Как всегда, опаздывала она, и эти долгие мучительные минуты Голосов проводил в холле – сидел, бродил, подходил зачем-то к окошечку администратора. Он как будто бы не думал ни о чем определенном, мысли беспорядочно метались, и все же была одна мысль, которая исподволь подчиняла себе все. Как, как объяснить ей, что сделать, чтобы она  п о н я л а? Как расколоть эту ненавистную скорлупу, что сделать, чтобы она была такая, как раньше – как в поезде, как в первый раз в его номере. Чем, чем помочь ей? И себе… Ведь она хочет того же, что он, а иначе ведь не приходила бы, не согласилась бы прийти и теперь, она сама страдает от этих никчемных, ненужных пут. Как, как помочь ей? Как помочь себе?

И то, что  м о г л о  бы быть между ними, казалось теперь нереально, особенно, головокружительно прекрасным. И опять это было сейчас самым важным на свете, наиважнейшим, потому что с этого и начинается вообще все – жизнь человеческая! – и все остальное теряет смысл, если нет единения, понимания, общности между людьми. Да и рождение жизни самой от того же – от единения двоих.

Опоздав, она вошла возбужденная, раскрасневшаяся – торопилась! – и опять первая встреча их глаз была такой, как раньше. Она была женщина, он был мужчина – два человека, близкие, родственные друг другу, альфа и омега, начало начал… На ней опять было новое платье, но он не мог бы потом вспомнить его – ничто внешнее не имело сейчас значения.

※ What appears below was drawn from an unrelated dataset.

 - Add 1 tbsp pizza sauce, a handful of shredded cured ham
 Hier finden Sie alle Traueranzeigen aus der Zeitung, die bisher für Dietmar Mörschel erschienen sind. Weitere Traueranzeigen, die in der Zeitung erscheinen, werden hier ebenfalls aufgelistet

Молча, как заведенные, они поднялись по лестнице, вошли в номер. Она была очень напряжена, опять что-то новое с ней происходило – Голосов успел заметить. Войдя, она тотчас начала закуривать, но как-то нарочито медленно, не спеша, словно бы желая этими замедленными своими действиями – раскрытием сумочки, доставанием сигареты, чирканьем спички – защититься от чего-то, оттянуть момент. И, странно глядя на него, опять задернулась сигаретным дымом. Тот же самый, уже знакомый ему ритуал.

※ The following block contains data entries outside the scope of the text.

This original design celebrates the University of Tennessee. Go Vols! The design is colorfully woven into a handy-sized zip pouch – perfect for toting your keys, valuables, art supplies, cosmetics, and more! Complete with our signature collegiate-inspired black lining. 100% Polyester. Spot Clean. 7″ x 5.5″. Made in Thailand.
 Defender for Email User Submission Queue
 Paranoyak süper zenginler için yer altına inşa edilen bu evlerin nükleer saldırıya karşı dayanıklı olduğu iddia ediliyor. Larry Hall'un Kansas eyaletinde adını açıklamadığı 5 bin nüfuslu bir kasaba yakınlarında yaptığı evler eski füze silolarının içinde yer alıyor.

Она села – как и тогда, в первый раз – на диван, бросив рядом сумочку, положив ногу на ногу и откинувшись. И опять что-то отчужденное и настойчивое было во взгляде ее, что-то отсутствующее и холодное. И то прекрасное, о чем думал он всего лишь несколько минут назад, опять странным образом померкло и отдалилось.

Наконец, совсем измученный сомнениями, он сел рядом с ней на диван, отбросив в сторону сумку, закинул руку ей на плечи, неуклюже, словно превозмогая себя, по нелепой обязанности, через силу как будто бы. И неуверенность в себе и в ней, жалость, натуга были в неестественном этом движении.

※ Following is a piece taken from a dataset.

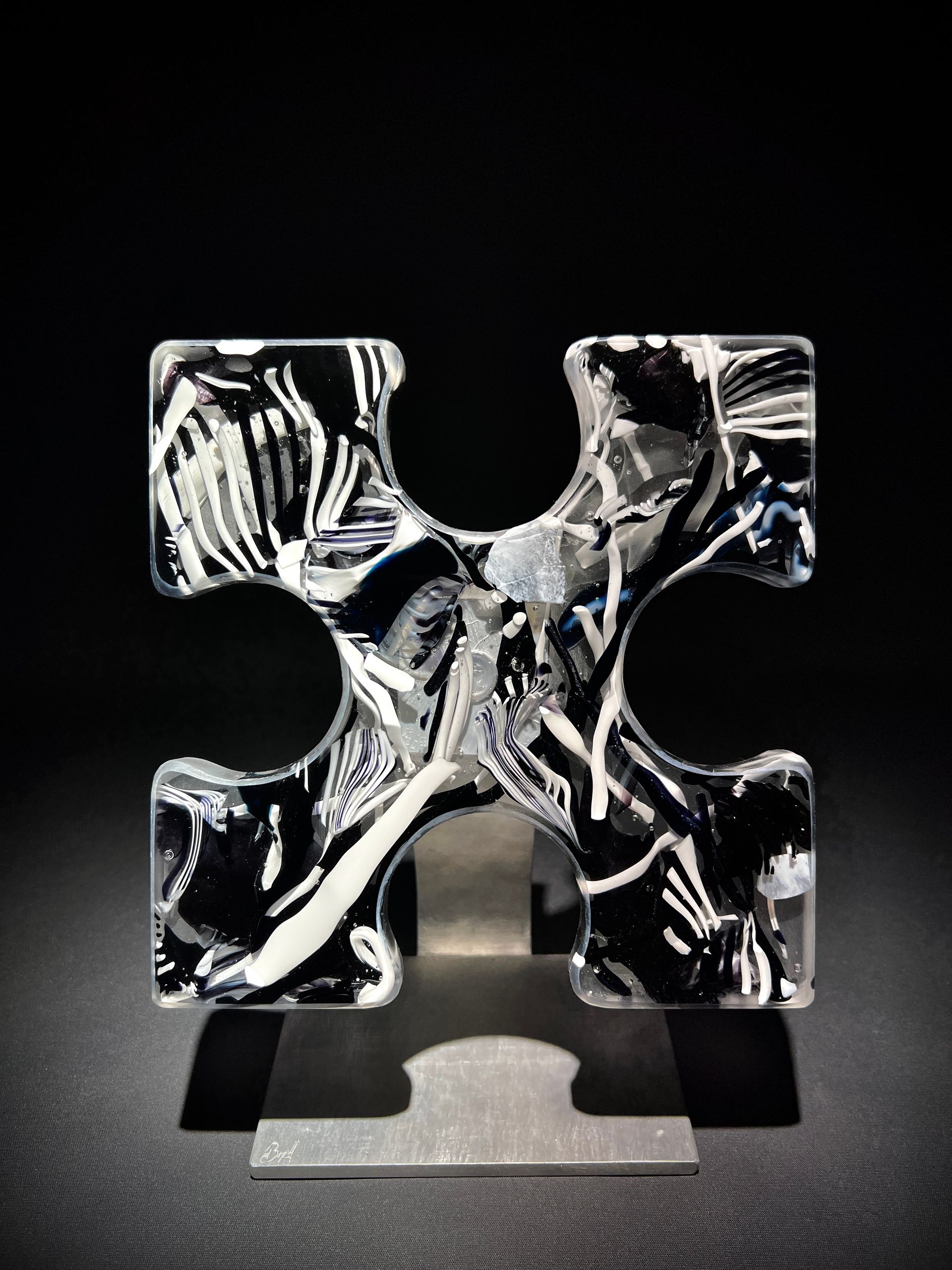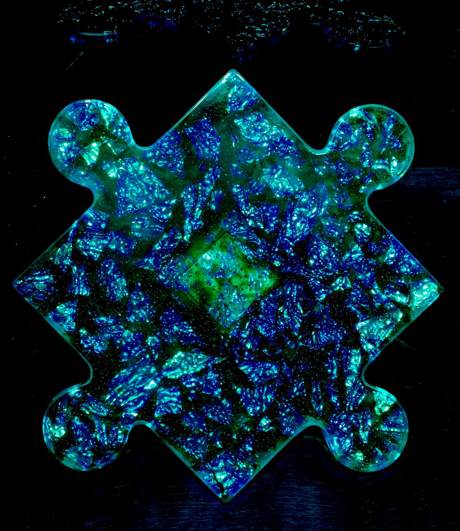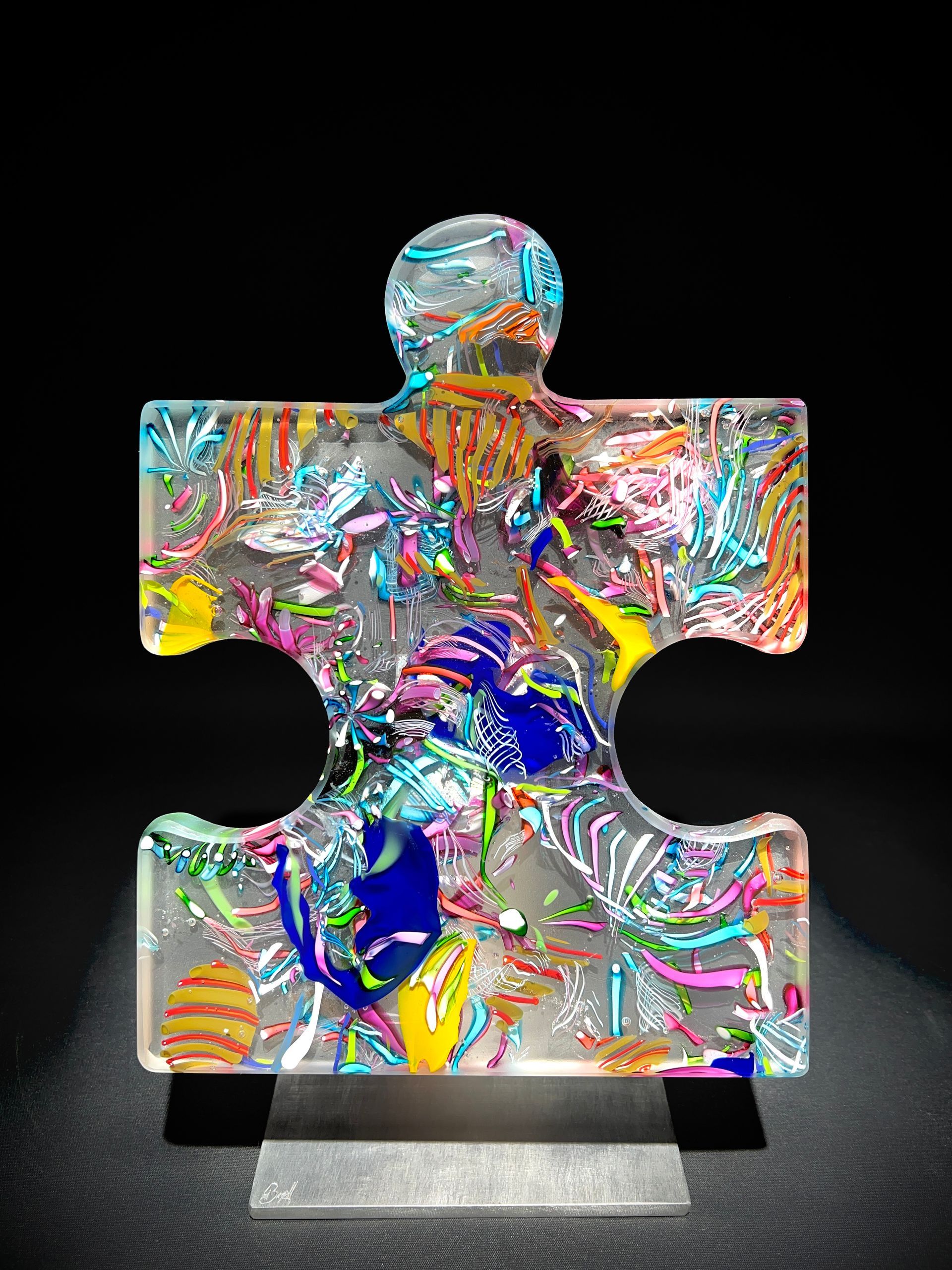 These Puzzlers use dichroic glass to create a color-changing effect within the glass.

– Нет, нет, не надо, – мучаясь, страдая, вздрагивая отчего-то, сказала Оля и встала, скинув руку его, и что-то было в ее движении такое, отчего Голосов не удерживал ее и не встал вслед за ней.

– Почему? – тупо спросил он, чувствуя глупость вопроса и презирая себя. Опять, опять ложь. Ложь в обоих! Он чувствовал себя отвратительно. Ничего прежнего не осталось.

– Не надо, Володенька, милый, очень тебя прошу. На самом деле.

Он сидел, справляясь с волнением, досадой, мучаясь нелепостью происходящего..

– Давай лучше поговорим, – сказала она, улыбаясь как-то жалобно и виновато заглядывая ему в глаза.

– Не понимаю, почему ты так… В чем дело, Оленька? Ну, не надо, не надо. Не хочешь – так и не надо. Разве в этом дело? Не надо.

Ему и на самом деле не хотелось уже ничего. Он встал, он даже тряхнул головой, словно отгоняя от себя что-то.

– Да, я на самом деле ничего не понимаю, – сказал он серьезно, подходя к окну, глядя на площадь, на людей, которые двигались, словно тени.

Потом обернулся и увидел глубоко несчастное и виноватое Олино лицо.

– Почему же так, Оля? – сказал еще раз, словно бы по инерции, и подошел к ней.

Она молчала. Она сжалась в кресле, словно испуганный, загнанный зверек, и молчала по-прежнему. И головы не поднимала. Он опять отошел к окну. Грустно было, горько. Вот и разрушилось все окончательно, это ясно. И не женщина, казалось, была теперь в комнате рядом с ним. А просто – несчастный человек. И он, Голосов, был тоже несчастен.

– Почему мы так боимся всего? – начал он серьезно и медленно. – Ведь смерти нет. Не может быть, чтобы она была, смерть, то есть полное исчезновение. Ну неужели же навсегда исчезнет то, что мы думаем, чувствуем, переживаем, – наши мысли и чувства? Не может быть. Бессмыслица! Но если смерть все же есть, если потом – тьма и небытие, то ведь тогда тем более! Тем более жить надо, а не трястись в вечном страхе. Разве не так?

Но Оля молчала. Она тоже не понимала ничего. Она только грустно смотрела перед собой.

Да, не получалось, не получалось ничего у них. И у Голосова вдруг возникло чувство, что ими обоими – как тогда всеми на вечеринке! – играет что-то или кто-то, а они почему-то подчиняются, исполняют почему-то роли, а сами мучаются, но ничего, ничего не могут поделать с собой. И странное равнодушие все больше охватывало его. Как и ее. Он видел. Все разрушилось. Ничего не осталось.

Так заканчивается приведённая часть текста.